When Peter Lansing launched Universal Lending Corp., mortgage rates were at 17.5 percent and the average home in the Denver area sold for $65,000.
A 30-year mortgage would have cost a borrower more than $1,000 a month. Fast-forward 30 years since Lansing, with $4,000 in his banking account (less than $10,000 in inflation-adjusted dollars) created what is now the oldest mortgage-banking firm in Denver with the same ownership. That $65,000-home would cost an estimated $192,000, and if rates were unchanged from 1981, monthly and principal and interest charges on a 30-year loan would be $2,815. At today’s current rate of 3.75 percent, the payment drops to $889.

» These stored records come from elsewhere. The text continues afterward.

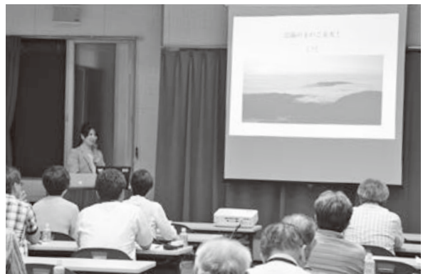
<手向地区地域活動センター>

川底で捕まえた生き物を手に取り、じっくりと観察し種類を判別します。びしょぬれで頑張る児童の姿も見られました。
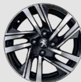
חישוקי סגסוגת SOHO 16" בדגמי PREMIUM S בנזין
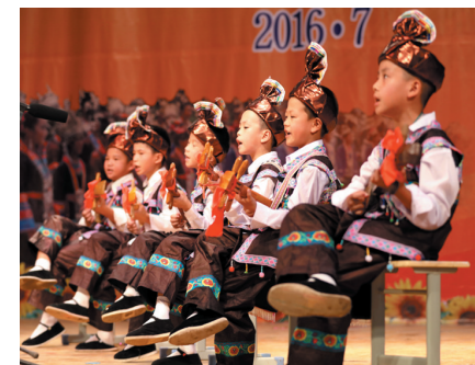
▲小朋友在表演琵琶歌。
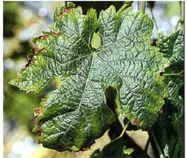
Dans les cas de carence potassique grave, des nécroses apparaissent sur le bord des feuilles (en haut sur Pinot noir, en bas sur Humagne rouge). La décoloration apparaît toujours sur le pourtour du limbe.
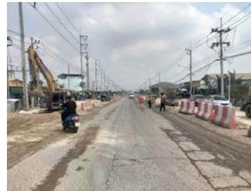
รูปเดือนกุมภาพันธ์ ๒๕๖๙
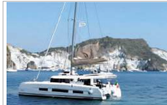
Dufour Catamarans 48 5 cabine + 1, 5 bagni, 1 crew, base Marina d'Arechi, destinazione per costiera Amalfitana, Flegree e Pontine, tel. +41 768377637 - booking@marinayachtcharter.com
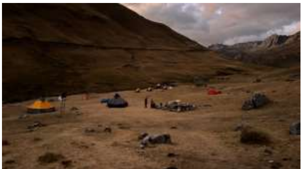
Die ersten Ausblicke genießen
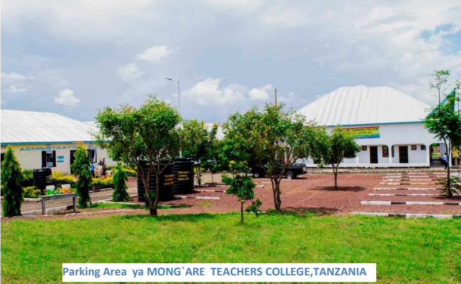
Parking Area ya MONG`ARE TEACHERS COLLEGE,TANZANIA
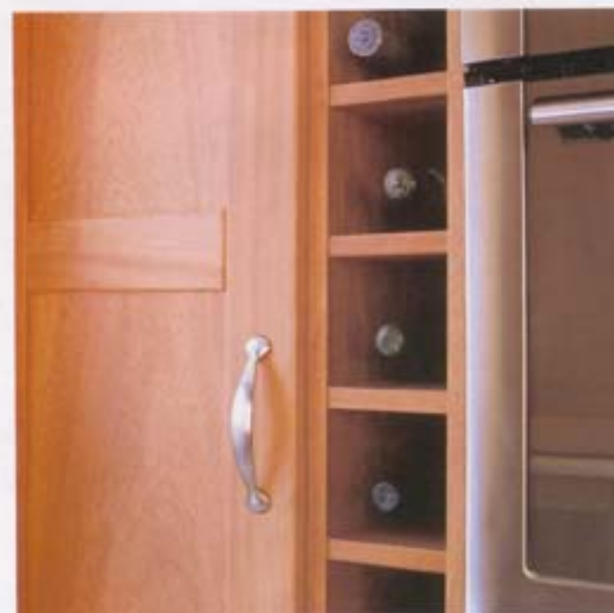
En el frente de armarios dedicado a despensa se han instalado un botellero en columna, el microondas (73.600 ptas.) y el horno (97.300). De Balay.
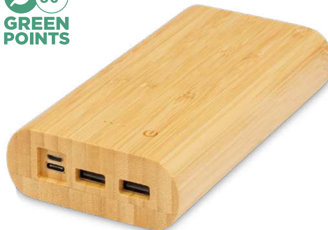
124324 | BATERÍA EXTERNA DE 20,000 MAH DE BAMBÚ "TULDA" | Madera de bambú | 15 x 7.7 x 3 cm | 3.24 kg CO 2 e

Lansing never dreamed when he started Universal Lending that it would grow to be as big as it is today, closing more than $1 billion in loans annually. But he perhaps is even more surprised that rates are below 4 percent.
“To put this in perspective, when my parents bought their first home in Denver in 1952, they got a 3.75 percent interest rate with a half-percent origination fee, for a total of 4.25 percent,” Lansing said at the Renaissance Hotel, before he kicked off a day-long celebration of Universal Lending’s 30th anniversary. “So we are now back to 1952 rates. It really is back to the future.”
Back to the future was a theme that Lansing addressed repeatedly, as he addressed employees, friends and colleagues who filled a hotel meeting room at the hotel on Quebec Street, across from Stapleton. Coincidentally, it wasn’t planned, it was also the theme of the keynote speaker, Brian Chappelle, of the Potomac Partners think-tank in Washington, D.C.
It was a day to re-connect with old friends, some of whom had retired from Universal Lending, and even a few who now work for competitors, as well as honoring those who work at Universal Lending, and to provide a road map of where the mortgage industry is heading and how Lansing envisions Universal’s role over the next decade.
Slide shows of employees and old TV commercials – including one in which featured Don Knotts, best known as Barney Fife on the Andy Griffith Show – were periodically shown on screens, although Lansing didn’t know that he would be standing at the lectern three decades later, so confessed he did not take as many photographs in the early days as he should have.
“I feel like a bad mother for not taking a lot of photos,” early on, he said, to laughter.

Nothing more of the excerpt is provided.